Figure 4: An example of a PT phase envelope (bubble point in green and dew point in red) for a gas condensate reservoir. The reservoir condition is marked by a black square marker.

A gas condensate is defined by having a reservoir temperature between the critical temperature and the cricondentherm of the reservoir fluid (i.e. $$T_{c}<T_{R}<T_{cric}$$). An example is given in Figure 4. The general idea of this classification is that if we reduce the pressure, the original gas-like fluid will condense retrograde fluid.

Wet Gas

Figure 5: An example of a PT phase envelope (bubble point in green and dew point in red) for a wet gas reservoir.
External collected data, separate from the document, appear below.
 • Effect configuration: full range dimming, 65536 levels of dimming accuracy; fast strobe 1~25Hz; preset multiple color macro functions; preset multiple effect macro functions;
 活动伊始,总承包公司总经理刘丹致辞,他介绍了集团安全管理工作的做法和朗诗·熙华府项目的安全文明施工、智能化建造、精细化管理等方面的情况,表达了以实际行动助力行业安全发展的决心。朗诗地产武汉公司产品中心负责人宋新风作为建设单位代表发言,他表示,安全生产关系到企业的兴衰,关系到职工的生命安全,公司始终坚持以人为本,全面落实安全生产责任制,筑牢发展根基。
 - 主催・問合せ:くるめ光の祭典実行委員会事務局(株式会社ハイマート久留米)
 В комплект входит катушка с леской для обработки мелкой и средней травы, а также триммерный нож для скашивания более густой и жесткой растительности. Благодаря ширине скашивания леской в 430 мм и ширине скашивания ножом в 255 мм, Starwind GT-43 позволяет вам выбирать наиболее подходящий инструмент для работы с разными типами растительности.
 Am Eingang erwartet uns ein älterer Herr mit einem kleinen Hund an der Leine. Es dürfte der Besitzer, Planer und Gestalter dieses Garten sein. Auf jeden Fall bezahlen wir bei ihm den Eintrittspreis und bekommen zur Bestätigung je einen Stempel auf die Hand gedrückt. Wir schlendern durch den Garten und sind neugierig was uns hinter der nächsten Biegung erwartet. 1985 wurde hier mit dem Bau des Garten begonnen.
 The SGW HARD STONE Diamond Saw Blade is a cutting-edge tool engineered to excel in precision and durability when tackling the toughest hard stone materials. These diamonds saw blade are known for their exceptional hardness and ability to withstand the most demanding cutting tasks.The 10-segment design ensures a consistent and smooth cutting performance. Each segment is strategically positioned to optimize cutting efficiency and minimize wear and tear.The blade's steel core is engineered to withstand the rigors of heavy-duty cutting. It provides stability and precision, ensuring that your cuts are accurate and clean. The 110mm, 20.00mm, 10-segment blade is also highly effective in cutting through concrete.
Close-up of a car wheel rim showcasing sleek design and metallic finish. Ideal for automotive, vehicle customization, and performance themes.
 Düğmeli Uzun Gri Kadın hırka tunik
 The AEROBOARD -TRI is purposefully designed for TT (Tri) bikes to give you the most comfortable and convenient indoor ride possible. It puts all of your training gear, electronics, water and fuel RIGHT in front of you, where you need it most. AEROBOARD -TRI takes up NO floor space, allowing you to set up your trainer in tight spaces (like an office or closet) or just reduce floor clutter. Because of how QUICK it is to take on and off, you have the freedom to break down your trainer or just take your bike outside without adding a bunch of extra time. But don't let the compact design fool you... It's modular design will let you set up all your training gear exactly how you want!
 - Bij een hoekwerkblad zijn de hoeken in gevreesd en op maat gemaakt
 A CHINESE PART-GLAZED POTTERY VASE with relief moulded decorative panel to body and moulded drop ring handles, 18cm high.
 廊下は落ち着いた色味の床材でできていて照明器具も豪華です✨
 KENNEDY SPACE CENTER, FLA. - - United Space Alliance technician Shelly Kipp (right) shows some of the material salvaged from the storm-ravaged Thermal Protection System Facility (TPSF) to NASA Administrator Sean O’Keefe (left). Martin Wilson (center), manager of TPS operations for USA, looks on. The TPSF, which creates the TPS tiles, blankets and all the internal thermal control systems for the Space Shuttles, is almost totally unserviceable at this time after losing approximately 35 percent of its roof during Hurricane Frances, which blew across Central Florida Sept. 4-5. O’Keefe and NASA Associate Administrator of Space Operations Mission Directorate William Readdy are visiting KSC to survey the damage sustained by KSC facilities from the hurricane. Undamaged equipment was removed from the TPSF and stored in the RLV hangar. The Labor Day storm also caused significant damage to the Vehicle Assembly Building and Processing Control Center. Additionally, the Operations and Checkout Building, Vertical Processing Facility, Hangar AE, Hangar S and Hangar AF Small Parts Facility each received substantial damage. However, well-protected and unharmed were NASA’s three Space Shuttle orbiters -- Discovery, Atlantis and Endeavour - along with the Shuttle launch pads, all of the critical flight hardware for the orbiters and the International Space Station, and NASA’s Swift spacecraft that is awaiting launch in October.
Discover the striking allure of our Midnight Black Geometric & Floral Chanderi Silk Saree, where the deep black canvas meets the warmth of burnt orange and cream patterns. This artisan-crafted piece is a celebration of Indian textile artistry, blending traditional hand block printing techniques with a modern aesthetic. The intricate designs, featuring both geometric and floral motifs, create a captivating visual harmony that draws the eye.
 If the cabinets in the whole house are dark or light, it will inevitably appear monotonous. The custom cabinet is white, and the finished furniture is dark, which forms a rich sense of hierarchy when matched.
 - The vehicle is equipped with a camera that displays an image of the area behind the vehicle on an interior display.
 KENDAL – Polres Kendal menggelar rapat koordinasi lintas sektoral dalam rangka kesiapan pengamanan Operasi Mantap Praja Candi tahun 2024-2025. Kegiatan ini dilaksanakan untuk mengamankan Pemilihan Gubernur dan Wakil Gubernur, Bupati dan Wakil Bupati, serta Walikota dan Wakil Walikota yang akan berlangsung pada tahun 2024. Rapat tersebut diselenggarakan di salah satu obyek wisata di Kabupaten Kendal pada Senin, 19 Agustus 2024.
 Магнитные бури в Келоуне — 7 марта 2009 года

The reservoir condition is marked by a black square marker.

A wet gas is defined by having a reservoir temperature somewhat more than the cricondentherm of the reservoir fluid (i.e. $$T_{R}>T_{cric}$$). An example is given in Figure 5.

Dry Gas

Figure 6: An example of a PT phase envelope (bubble point in green and dew point in red) for a dry gas reservoir. The reservoir condition is marked by a black square marker.

A dry gas is defined by having a reservoir temperature much more than the cricondentherm of the reservoir fluid (i.e. $$T_{R}>>T_{cric}$$). An example is given in Figure 6. A dry gas has essentially no produced condensate.

1. C. H. Whitson and M. R. Brulé. Phase behavior. Volume 20. Henry L. Doherty Memorial Fund of AIME, Society of Petroleum Engineers …, 2000.